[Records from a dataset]
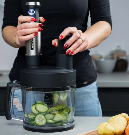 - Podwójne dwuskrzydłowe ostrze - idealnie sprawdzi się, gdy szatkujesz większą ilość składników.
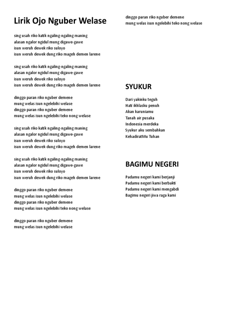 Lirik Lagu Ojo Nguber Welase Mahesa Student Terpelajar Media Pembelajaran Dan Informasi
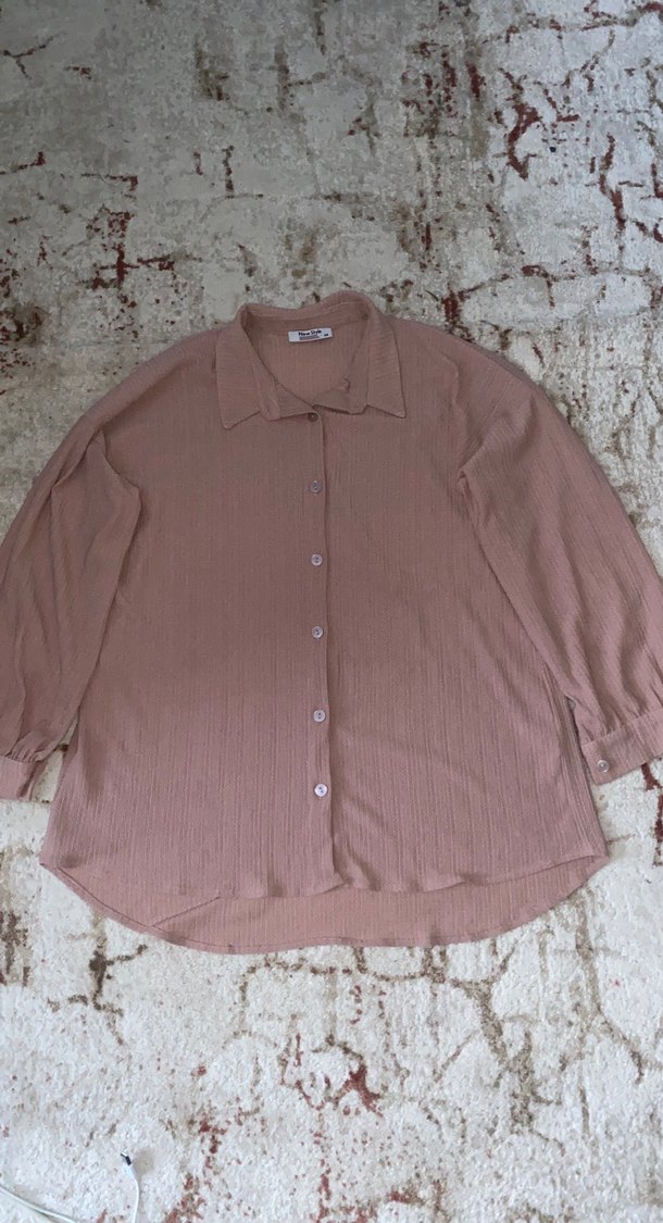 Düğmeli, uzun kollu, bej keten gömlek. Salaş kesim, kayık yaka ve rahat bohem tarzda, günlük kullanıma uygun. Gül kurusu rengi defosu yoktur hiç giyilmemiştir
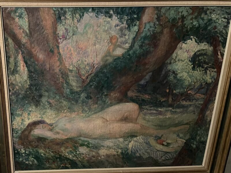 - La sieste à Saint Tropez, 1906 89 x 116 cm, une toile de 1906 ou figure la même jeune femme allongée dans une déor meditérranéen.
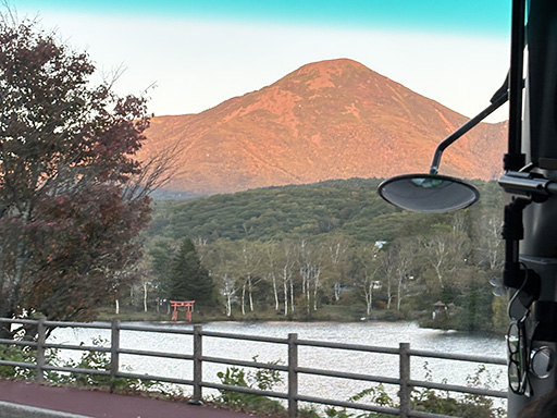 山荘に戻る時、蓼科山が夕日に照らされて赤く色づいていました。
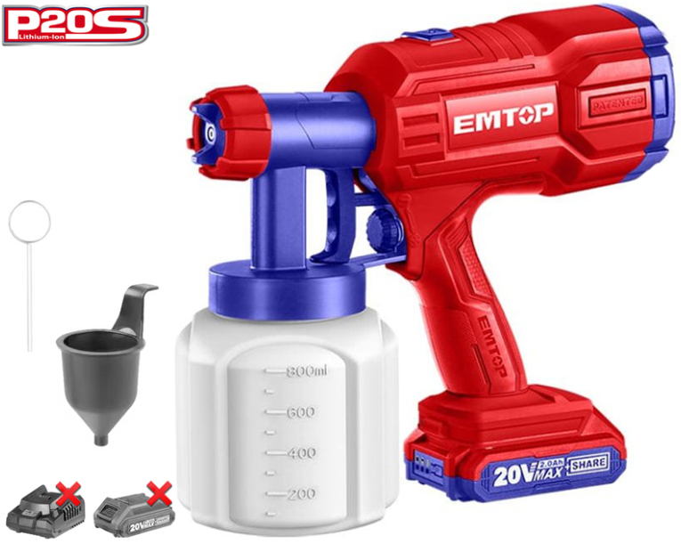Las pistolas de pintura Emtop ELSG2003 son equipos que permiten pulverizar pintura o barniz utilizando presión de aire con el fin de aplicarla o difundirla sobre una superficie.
* * *
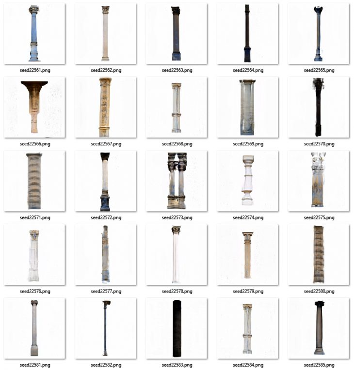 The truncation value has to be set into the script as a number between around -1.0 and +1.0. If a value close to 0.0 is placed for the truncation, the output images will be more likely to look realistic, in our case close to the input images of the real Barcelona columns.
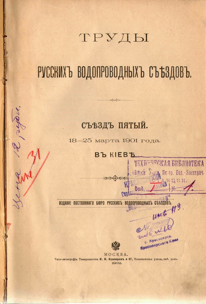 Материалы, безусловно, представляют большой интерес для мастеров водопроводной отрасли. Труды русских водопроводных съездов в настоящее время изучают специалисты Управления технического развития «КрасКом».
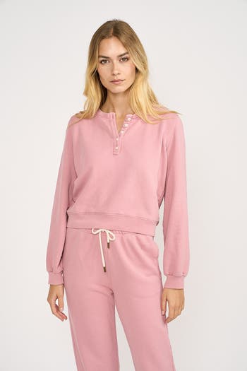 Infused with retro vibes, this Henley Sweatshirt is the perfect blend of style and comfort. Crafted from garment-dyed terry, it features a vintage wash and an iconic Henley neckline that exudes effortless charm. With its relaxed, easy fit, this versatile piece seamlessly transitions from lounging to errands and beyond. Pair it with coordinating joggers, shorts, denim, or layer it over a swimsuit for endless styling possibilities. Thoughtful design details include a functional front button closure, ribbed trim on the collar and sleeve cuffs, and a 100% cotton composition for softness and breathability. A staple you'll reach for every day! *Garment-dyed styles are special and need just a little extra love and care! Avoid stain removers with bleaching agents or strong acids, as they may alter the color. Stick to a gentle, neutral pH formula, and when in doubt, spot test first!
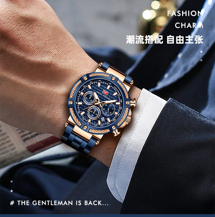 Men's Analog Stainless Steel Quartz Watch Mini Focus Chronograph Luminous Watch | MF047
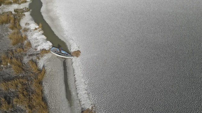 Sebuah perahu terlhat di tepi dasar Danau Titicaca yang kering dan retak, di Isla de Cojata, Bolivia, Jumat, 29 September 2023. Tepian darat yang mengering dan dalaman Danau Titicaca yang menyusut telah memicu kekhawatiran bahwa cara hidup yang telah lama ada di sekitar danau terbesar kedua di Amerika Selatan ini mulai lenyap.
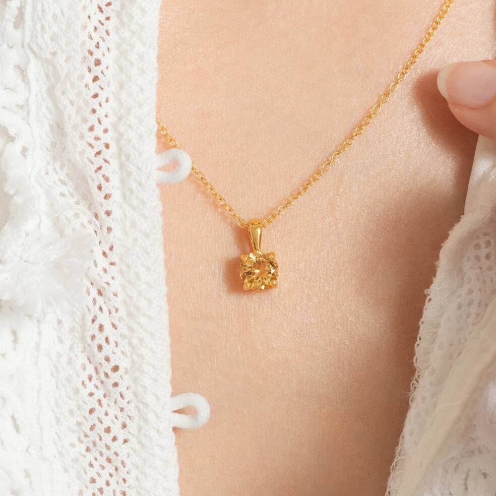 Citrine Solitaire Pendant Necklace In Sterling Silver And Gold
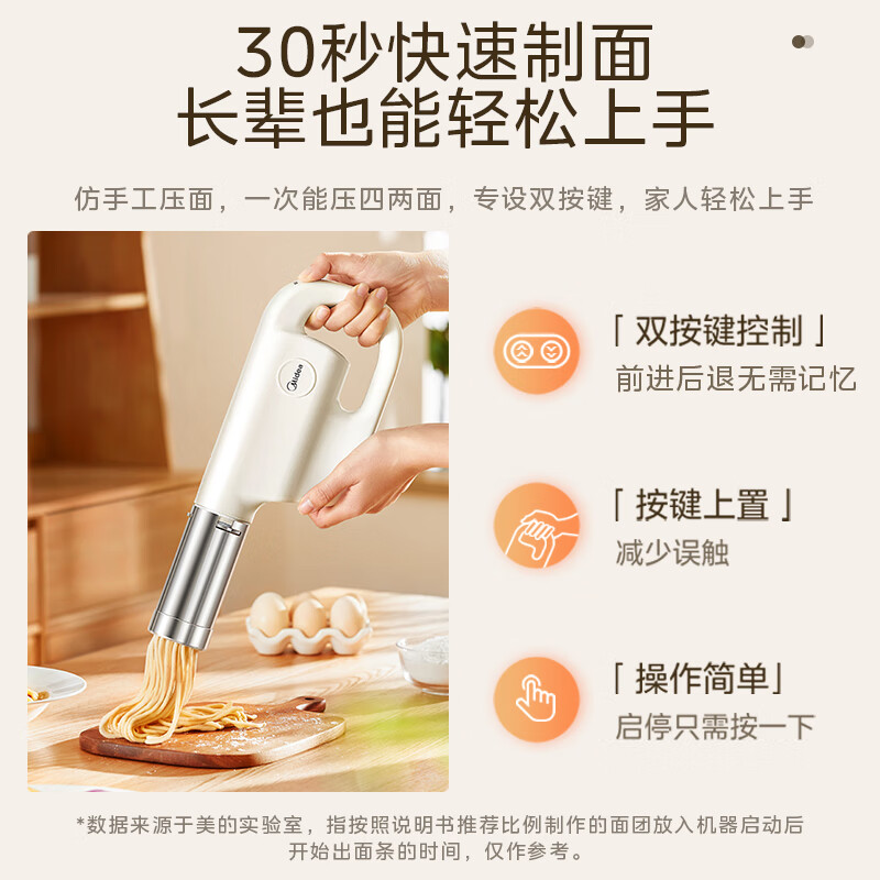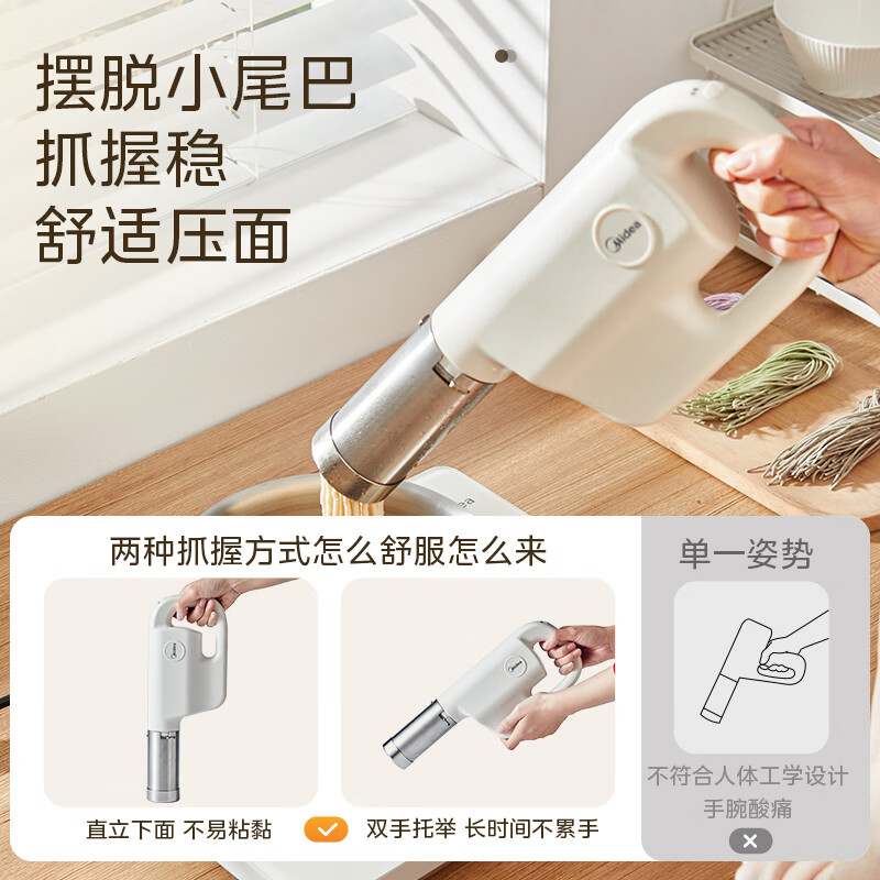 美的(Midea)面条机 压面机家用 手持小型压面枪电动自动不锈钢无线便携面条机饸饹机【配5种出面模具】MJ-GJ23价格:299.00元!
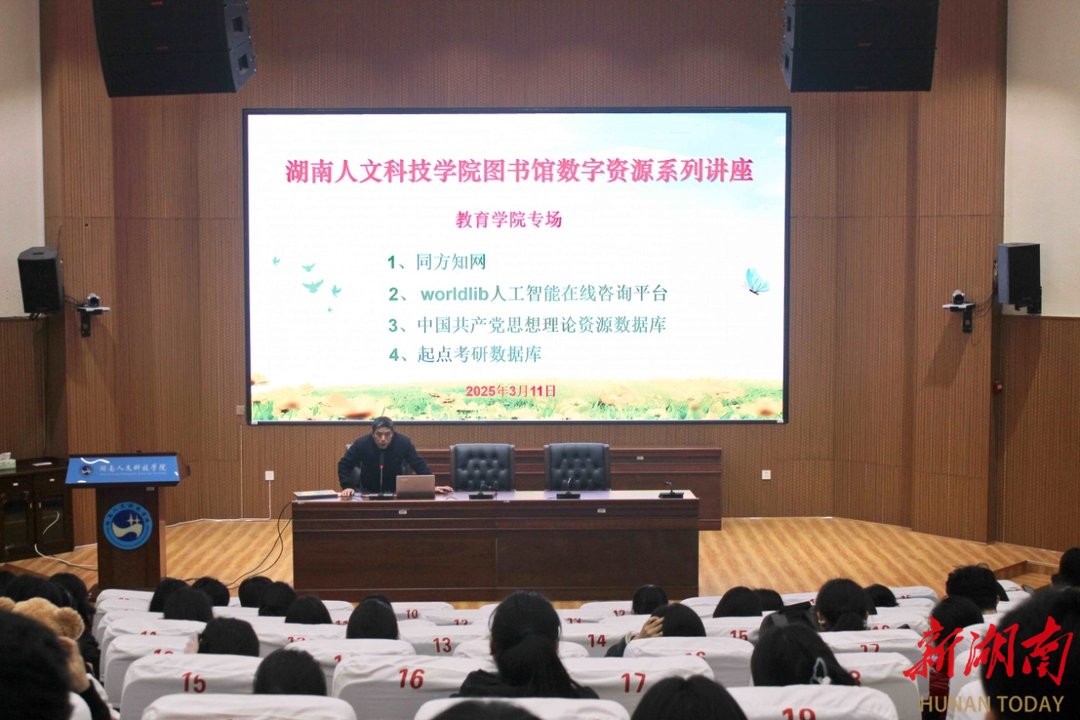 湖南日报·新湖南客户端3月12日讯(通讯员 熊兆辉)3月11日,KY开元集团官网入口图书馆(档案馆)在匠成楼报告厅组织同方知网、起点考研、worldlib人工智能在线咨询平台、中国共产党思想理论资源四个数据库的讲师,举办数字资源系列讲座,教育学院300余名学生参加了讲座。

» WHAT YOU SHOULD DO: Reproduce the data above exactly, but only from the line containing "- Podwójne dwuskrzydłowe" through the line containing "山荘に戻る時、蓼科山が夕日に照らされて赤く色づいていました。"; skip the pictures.

» TASK RESPONSE:
 - Podwójne dwuskrzydłowe ostrze - idealnie sprawdzi się, gdy szatkujesz większą ilość składników.
 Lirik Lagu Ojo Nguber Welase Mahesa Student Terpelajar Media Pembelajaran Dan Informasi
 Düğmeli, uzun kollu, bej keten gömlek. Salaş kesim, kayık yaka ve rahat bohem tarzda, günlük kullanıma uygun. Gül kurusu rengi defosu yoktur hiç giyilmemiştir
 - La sieste à Saint Tropez, 1906 89 x 116 cm, une toile de 1906 ou figure la même jeune femme allongée dans une déor meditérranéen.
 山荘に戻る時、蓼科山が夕日に照らされて赤く色づいていました。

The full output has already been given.